◆ **Activity**
Only some lines are wanted: please transcribe exactly those from the one containing "La República Argentina" through the end of the data, pictures excluded.

◆ **Input data**
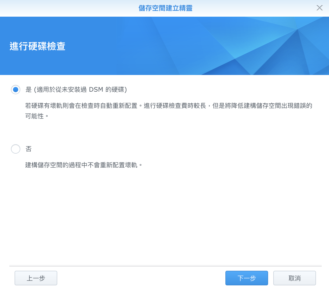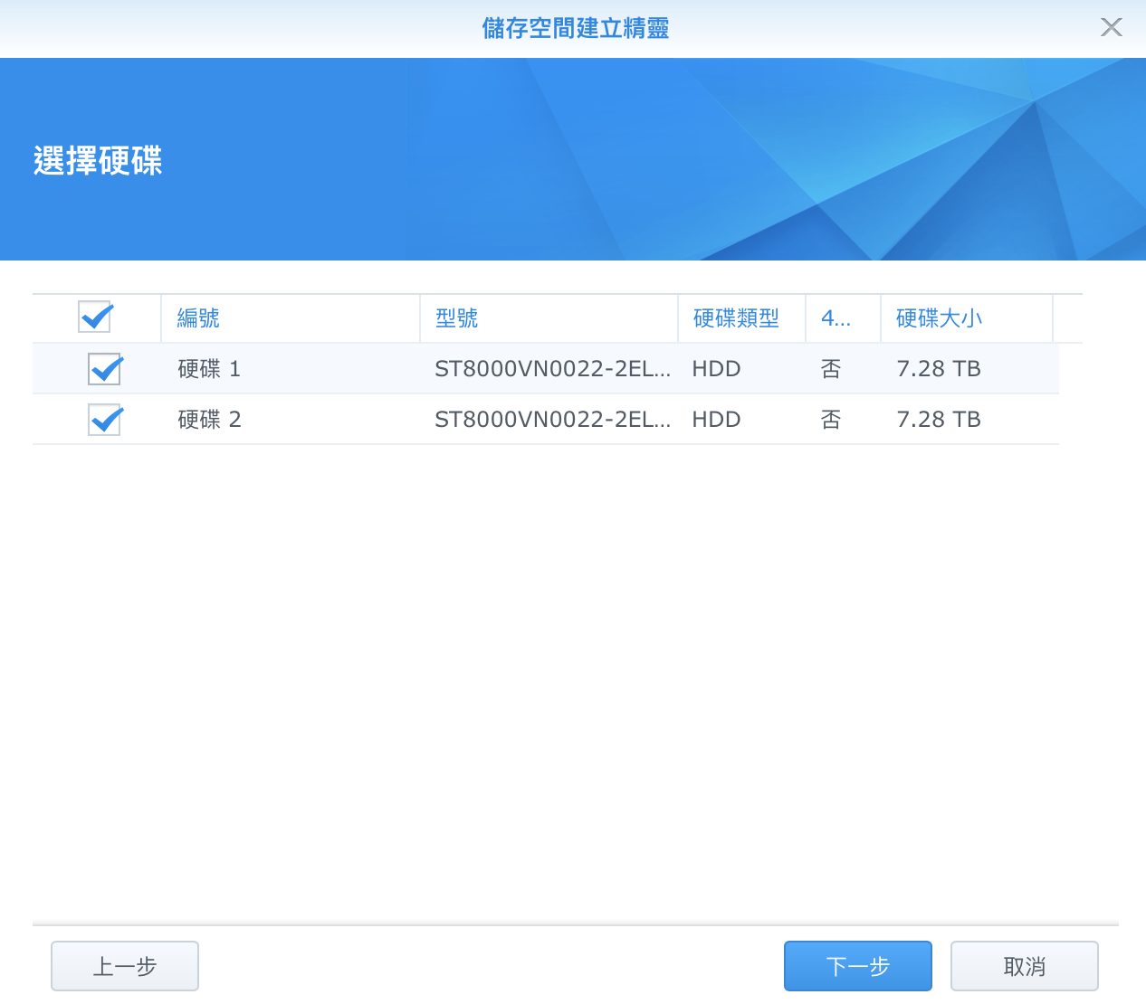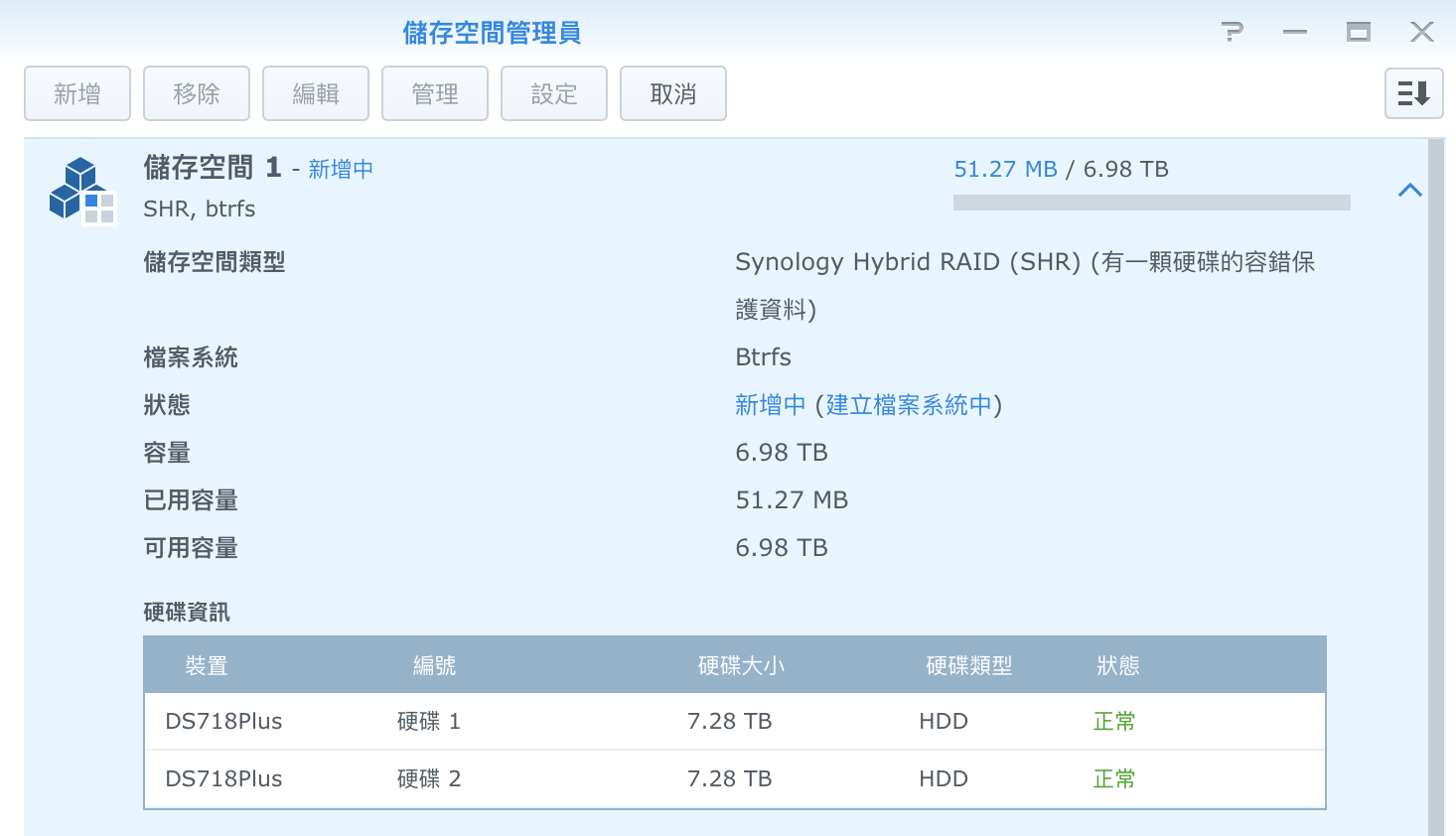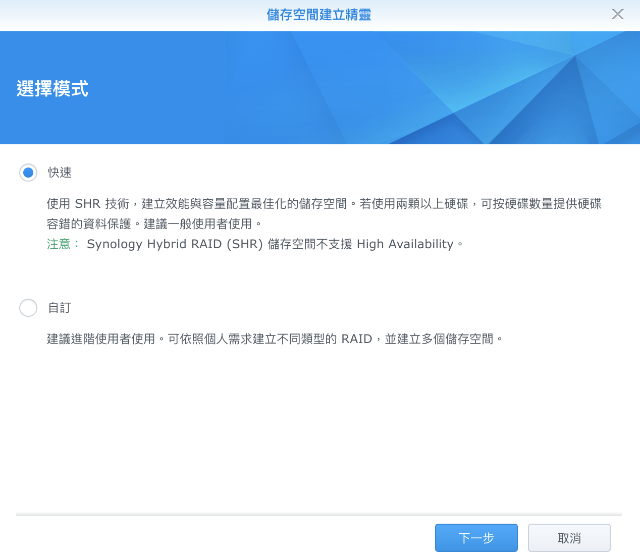 ▼ 這裡你可以選擇 SHR 模式,也就是 Synology 的自動化磁碟陣列(RAID) 管理系統,他會把兩顆當做一顆使用,所有的資料都會自動存成兩份,不追求容量或是速度,以安全為主軸。
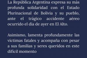 La República Argentina expresa su más profunda solidaridad con el Estado Plurinacional de Bolivia y su pueblo, ante el trágico accidente aéreo ocurrido el 27 de febrero en El Alto.
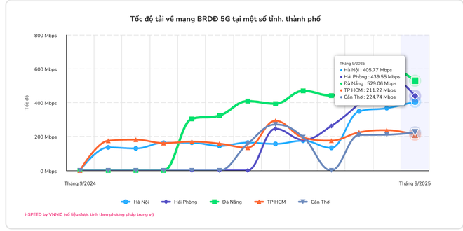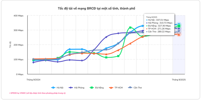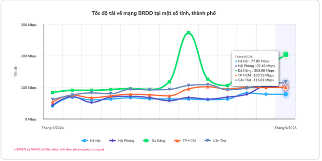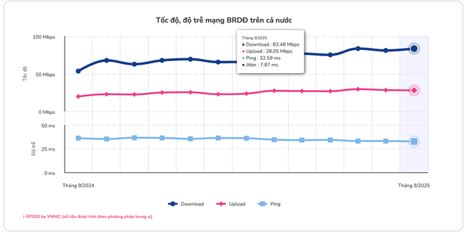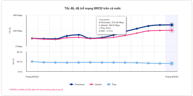 Theo số liệu mới nhất từ nền tảng đo tốc độ i-Speed (thuộc Trung tâm Internet Việt Nam - VNNIC, Bộ Khoa học và Công nghệ), trong tháng 9/2025, tốc độ tải xuống trung bình của mạng băng rộng cố định trên cả nước đạt 272,44 Mbps và tốc độ tải lên đạt 202,05 Mbps. Đây là tháng thứ 7 liên tiếp chất lượng mạng 'lập đỉnh' kể từ nhịp tăng hồi tháng 3/2025.
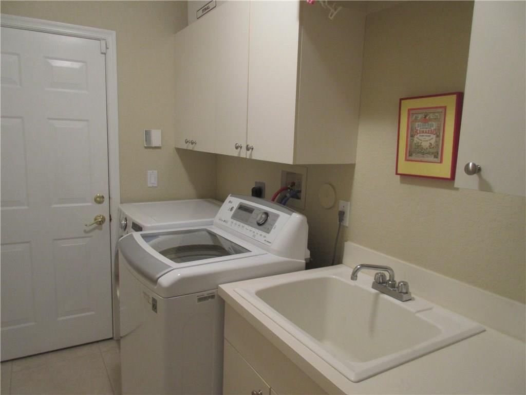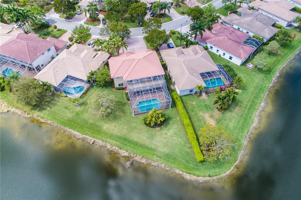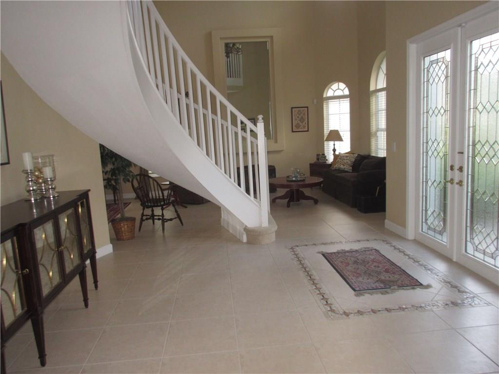 Spectacular lakefront home. 5 bedrooms+office, & updated bathrooms. Beautiful new kitchen with wood cabinets quartzite countertops, provides a snack bar with stools, & a 10' high ceiling in the breakfast area and top of the line stainless steel appliances. New carpeting just installed. The winding staircase leads to the master bedroom with sitting area, 2 walk in closets and double French doors to the screened balcony patio with panoramic view of the water & the pool. Hurricane shutters. Great schools

◆ **Result of this task**
 La República Argentina expresa su más profunda solidaridad con el Estado Plurinacional de Bolivia y su pueblo, ante el trágico accidente aéreo ocurrido el 27 de febrero en El Alto.
 Theo số liệu mới nhất từ nền tảng đo tốc độ i-Speed (thuộc Trung tâm Internet Việt Nam - VNNIC, Bộ Khoa học và Công nghệ), trong tháng 9/2025, tốc độ tải xuống trung bình của mạng băng rộng cố định trên cả nước đạt 272,44 Mbps và tốc độ tải lên đạt 202,05 Mbps. Đây là tháng thứ 7 liên tiếp chất lượng mạng 'lập đỉnh' kể từ nhịp tăng hồi tháng 3/2025.
 Spectacular lakefront home. 5 bedrooms+office, & updated bathrooms. Beautiful new kitchen with wood cabinets quartzite countertops, provides a snack bar with stools, & a 10' high ceiling in the breakfast area and top of the line stainless steel appliances. New carpeting just installed. The winding staircase leads to the master bedroom with sitting area, 2 walk in closets and double French doors to the screened balcony patio with panoramic view of the water & the pool. Hurricane shutters. Great schools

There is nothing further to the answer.